As of January 3, 2012, the columns have been updated slightly. Below is a list of all the columns and their meaning:
SpectrumFile - The file searched
Scan# - The scan number within the file; this value is 0 for .dta files; For MGF files, the scan# is equivalent to the SpecIndex, but is 0-based numbering.
Annotation - Peptide annotation, with prefix and suffix and (non-fixed) modifications indicated.
Example: K.DFSQIDNAP+16EER.E
Protein - The name of the protein this peptide comes from. (Protein names are stored to the .index file
corresponding to the database .trie file)
Charge - Precursor charge.
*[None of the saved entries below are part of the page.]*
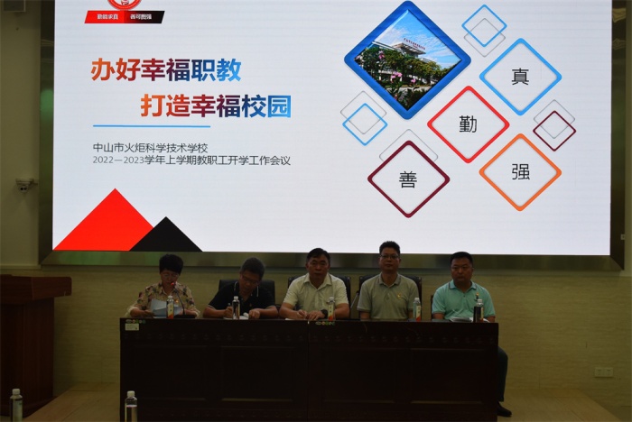為確保新學(xué)期各項(xiàng)工作安全、有序、高效進(jìn)行,2022年8月31日上午,中山市火炬科學(xué)技術(shù)學(xué)校在開(kāi)發(fā)區(qū)校區(qū)報(bào)告廳召開(kāi)以“辦好幸福職教,打造幸福校園”為主題的新學(xué)期教職工開(kāi)學(xué)工作會(huì)議。學(xué)校黨總支書記、校長(zhǎng)陳建國(guó)等校領(lǐng)導(dǎo)出席會(huì)議,全校教職工參加會(huì)議。會(huì)議由該校黨總支組織委員、副校長(zhǎng)陳紅芳主持。
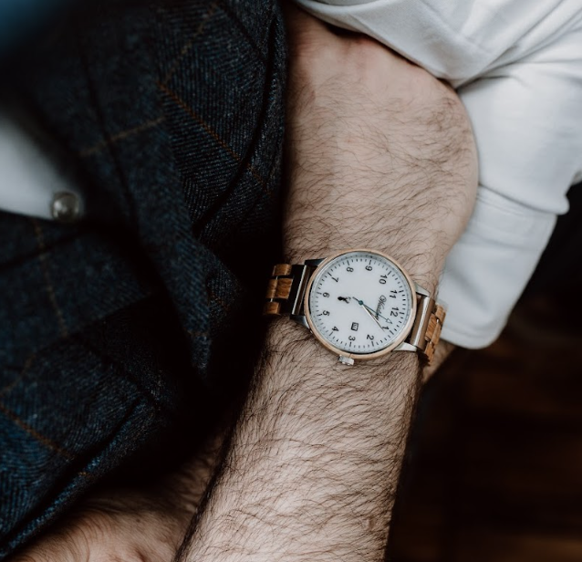 - Gehäuse aus Edelstahl eingefasst in Eichenholz
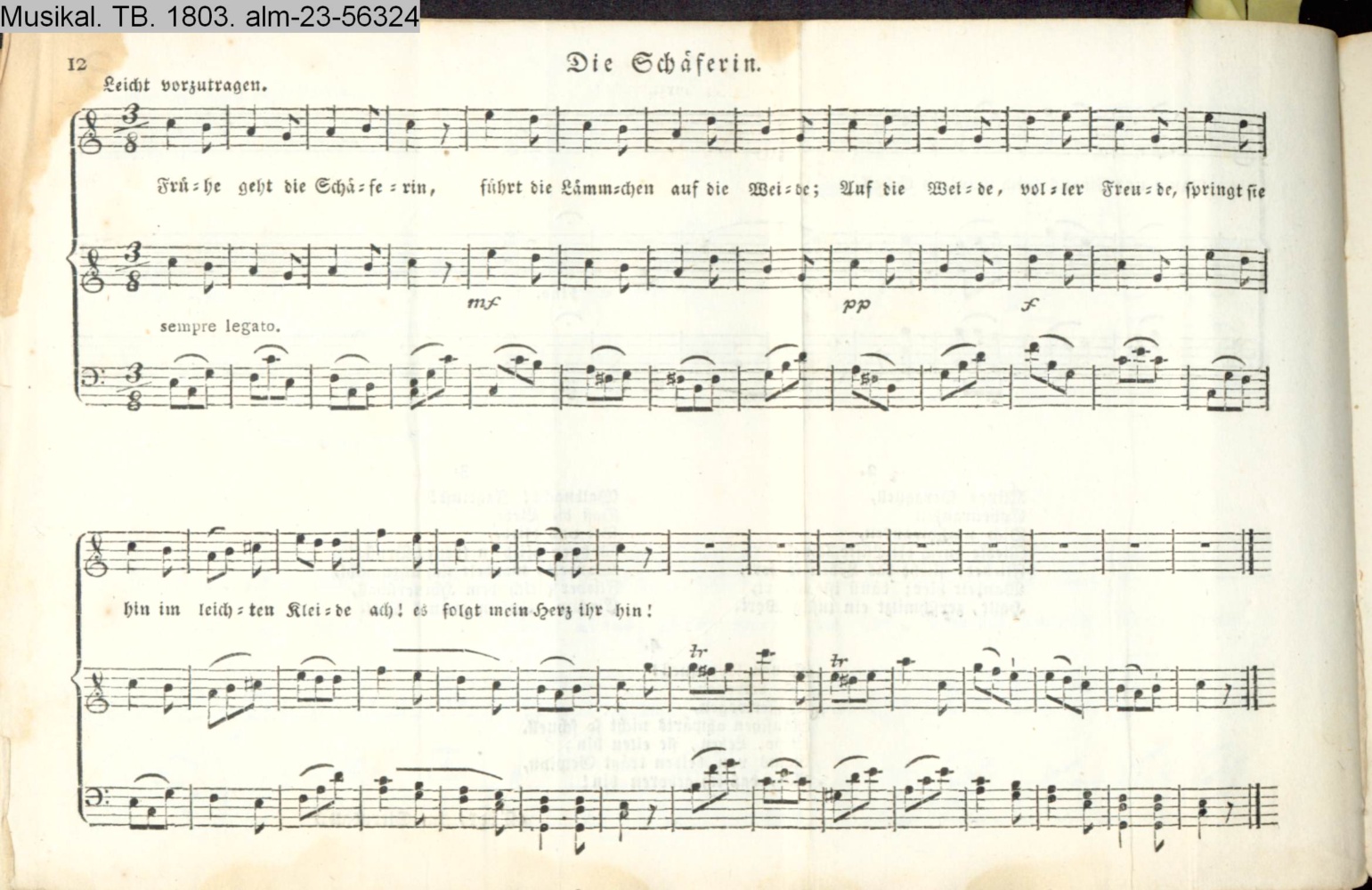 Lieder zum musikalischen Taschenbuche 1803 der Brüder Werden componirt von Wilhelm Schneider (Sammlung INr 56317, Obj 79)
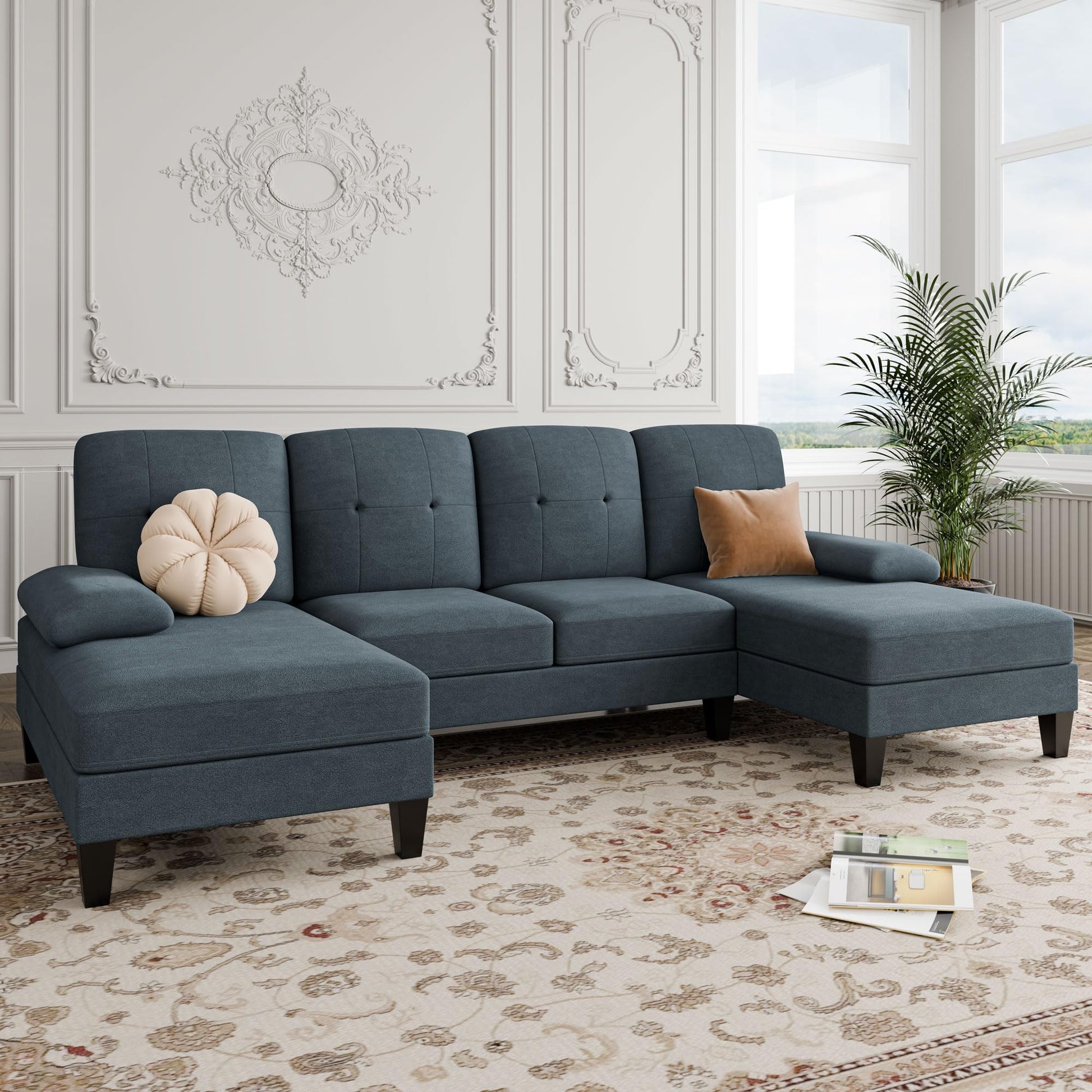 Sectional Sofa Couch, U-Shaped Sofa Couch with Double Chaise, 4-Seat Sleeper Sofa

If "multicharge" is set, or if no charge is specified in the source file, Inspect
attempts to guess the charge.
MQScore - Match quality score, the main measure of match quality.
Length - The length of the matched peptide in amino acids.
TotalPRMScore - Summed score for break points (between amino acids), based upon a Bayesian network modeling
fragmentation propensities
MedianPRMScore - Median score for break pounts.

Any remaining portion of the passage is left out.